Let’s talk about promotional etiquette on facebook.
This subject REALLY annoys me. A lot. We all know that almost everyone is on facebook. It’s addicting, especially for nosy, have-to-know-everything type of people like me (I admit that, I’m gossipy). And yes, it’s a great place to promote. But I think it’s important to know when and where it’s okay to do it.
I have an author’s page on FB and I use it a lot. I use my author’s page to post info on my books and engage followers in conversations about writing related things, then I have my personal facebook that all I do is mostly talk about how awesome my kid is, complain about work and repost Takei’s pictures (because they are fricken funny). So, there’s a separation between my job (as a writer) and my life as a mom and friend.

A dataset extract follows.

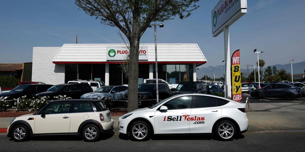 ▲ '테슬라 차량을 판매합니다'고 좌측면에 스티커를 붙인 흰색 차량이 3월30일 미국 캘리포니아주 웨스트코비나에 위치한 중고차 딜러십에 주차돼 있다. <연합뉴스>

I think it’s important to keep this separation.
So, this leads me to the question.
“Is promoting on your personal facebook hurtful to you, rather than helpful?”
People who “like” my author’s page are expecting me to babble on about my books and talk about writing. That’s what the page is about. Me. The writer and my books. But—what about your friends outside the writing world? Like close friends and family? The ones on your personal facebook account that’s not tied to you as a professional author?

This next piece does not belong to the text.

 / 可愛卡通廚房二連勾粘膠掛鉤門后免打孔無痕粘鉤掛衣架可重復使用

These are the people you talk about everyday things to, share photos and complain about your man too, they’re not meant to be a marketable audience. They know you write, and if they want updates on your books, etc, they know to find that on your author’s page.

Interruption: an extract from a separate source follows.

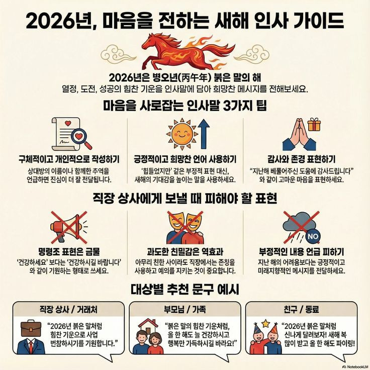 [기타]은근 까다로운 신년/명절 인사법 작성자JB|작성시간26.01.06|조회수323 목록 댓글 1 글자크기 작게가 글자크기 크게가 다음검색 현재 게시글 추가 기능 열기 북마크 공유하기 신고 센터로 신고 댓글 댓글 1 댓글쓰기 답글쓰기 댓글 리스트 작성자JB | 작성시간 26.01.06 ㄱㅅ 댓글 전체보기

To me, I think it’s important to have your professional life and your personal life separate. It annoys me when people promote their businesses constantly on their personal facebook. Constant promotion can annoy your friends too, maybe even cause a few to defriend you. Your personal facebook should be reserved for pictures of your kids and what you’re doing (or who you’re doing lol), not for constant talk about your books or plugging.
I’m sure I’m not the only one who thinks this. People friend you (unless you state on the profile it’s about your books/you as an author) because they want to know about you, your family or what you’re doing. Not to get subjected to a bunch of “spam” type posts fifty times a day.
They don’t want to see you promoting constantly on there for you or your friend’s books. Sure, it’s nice and it reaches people, but it’s annoying. I have actually defriended or hidden activity from people who do stuff like that. What sucks about that, is then you miss the posts they make that you “do” care about. So, it is my belief, you stick to your author’s page for promotion/author stuff and don’t taint your own personal facebook status’ with it.
So, what do you think? Where do you draw the line and what is appropriate conduct on various kinds of social media outlets? Have you been blocked or have you ever blocked anyone who’s done this?